Enhanced Driver Awareness through Cooperative XR Technologies
With the recent technological breakthroughs in connected and semi-automated transport, there is no doubt that a shared vision for a large-scale deployment of Cooperative Intelligent Transport Systems (C-ITS) in the European Union exists4. Connected and Automated Vehicles (CAVs) are expected to be the cornerstone of tomorrow’s EU-envisioned envisioned Cooperative, Connected, and Automated Mobility (CCAM), being able to extend their perception capabilities beyond the range of individual sensors, boosting the drivers’ situational awareness and enhancing performance, safety and comfort.
Equally importantly, 5/6G-enabled vehicular networks are expected to minimize network latency and delay, provide critical information regarding the environment, in a timely manner, and meet human reaction times in visual feedback.

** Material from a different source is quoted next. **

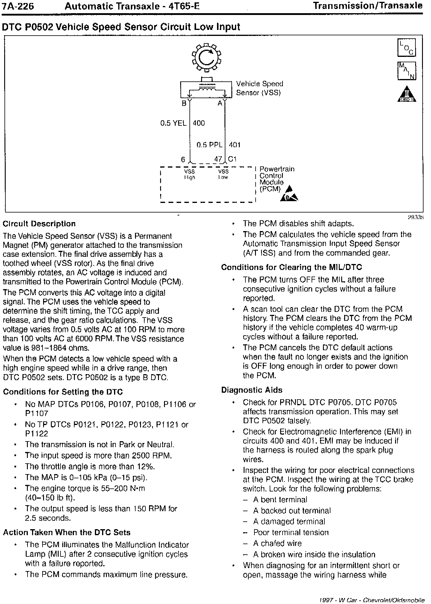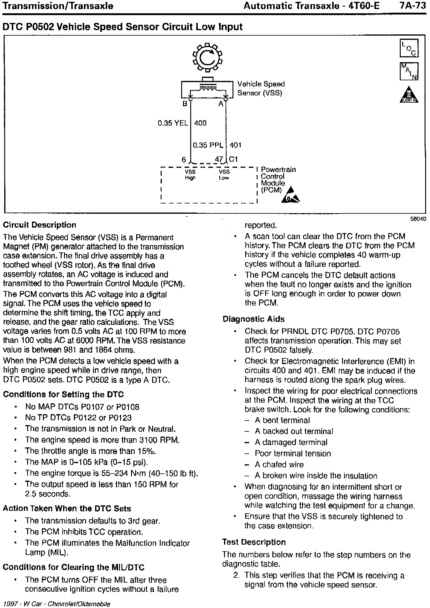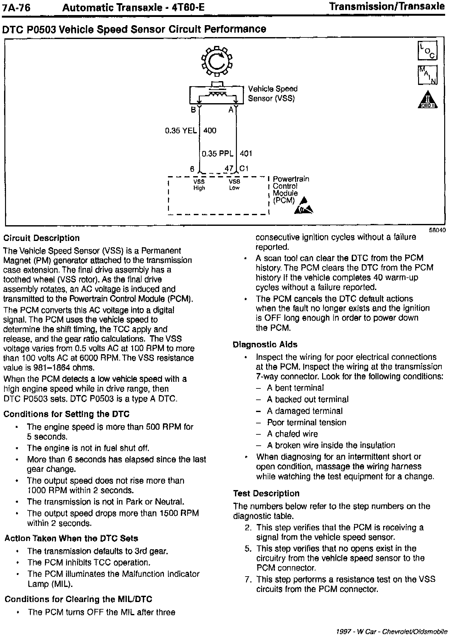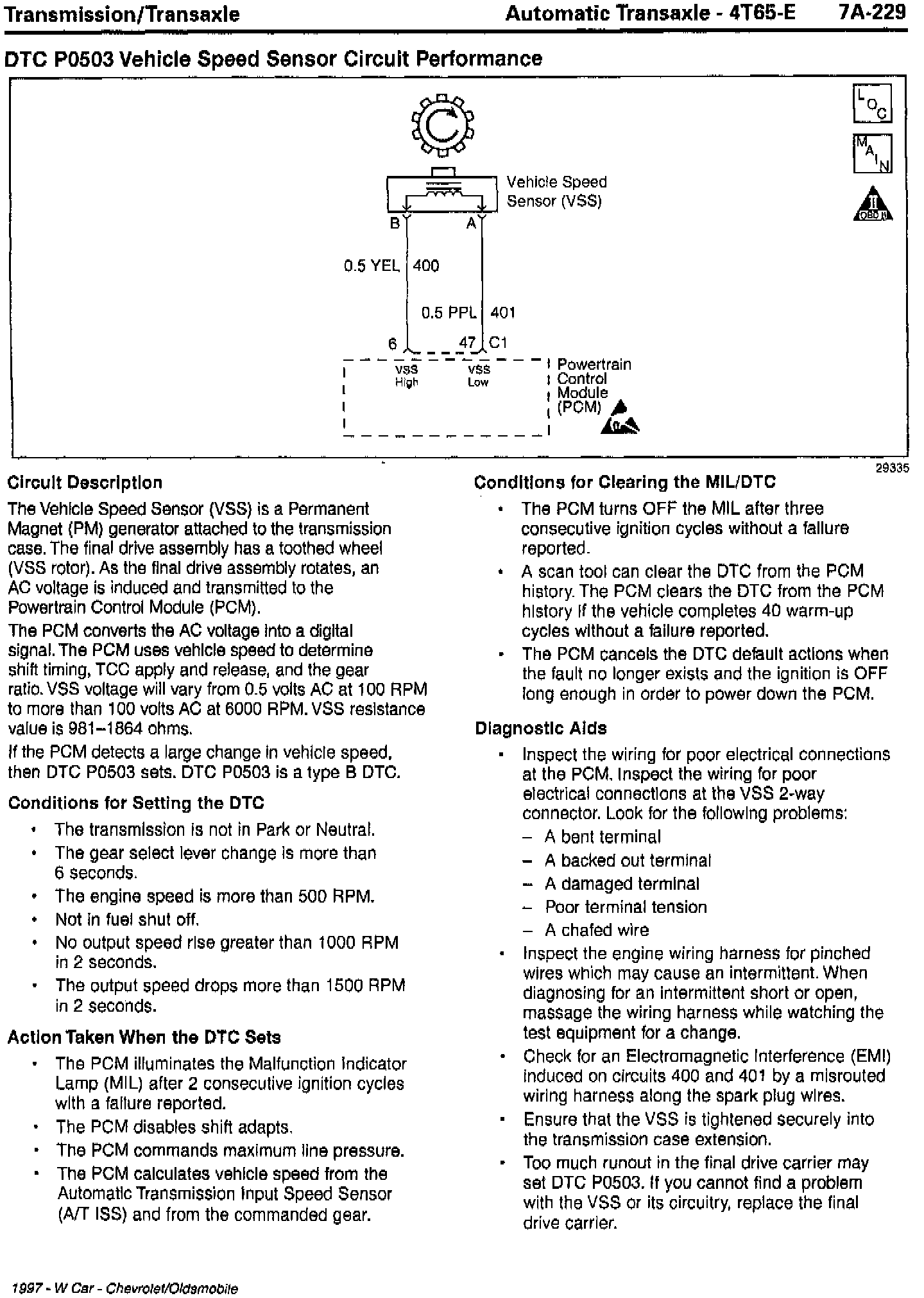 Section 7A - Transaxle/Transmission Updates for DTC P0502 Vehicle Speed Sensor Circuit Low Input and DTC P0503 Vehicle Speed Sensor Circuit Performance

In this framework, SafeDriveXR will develop a new 5/6G-enabled paradigm incorporating multiple heterogeneous devices that cooperate to provide drivers with highly interactive eXtended Reality (XR) interfaces and tools for real-time visualizations of traffic, road conditions, and obstacles, helping them to improve decision-making, reduce response times to hazards, and increase overall road safety.
This will be achieved by novel distributed and cooperative signal processing and learning approaches integrated over the cloud edge continuum, capitalizing dynamic 5/6G-enabled cloud-to-edge services across the vehicular network.
These will enable the accurate identification of user situational awareness of different critical situations and the correct and timely detection of road obstacles, vehicles, and Vulnerable Road Users (VRUs).
The novel strategies for service component distribution and intelligent coordination will significantly reduce communication latencies, meeting human reaction time in visual XR feedback.
The use of XR interfaces and QoE evaluation methodologies will boost personalization & adaptation of the rendered information based on user context.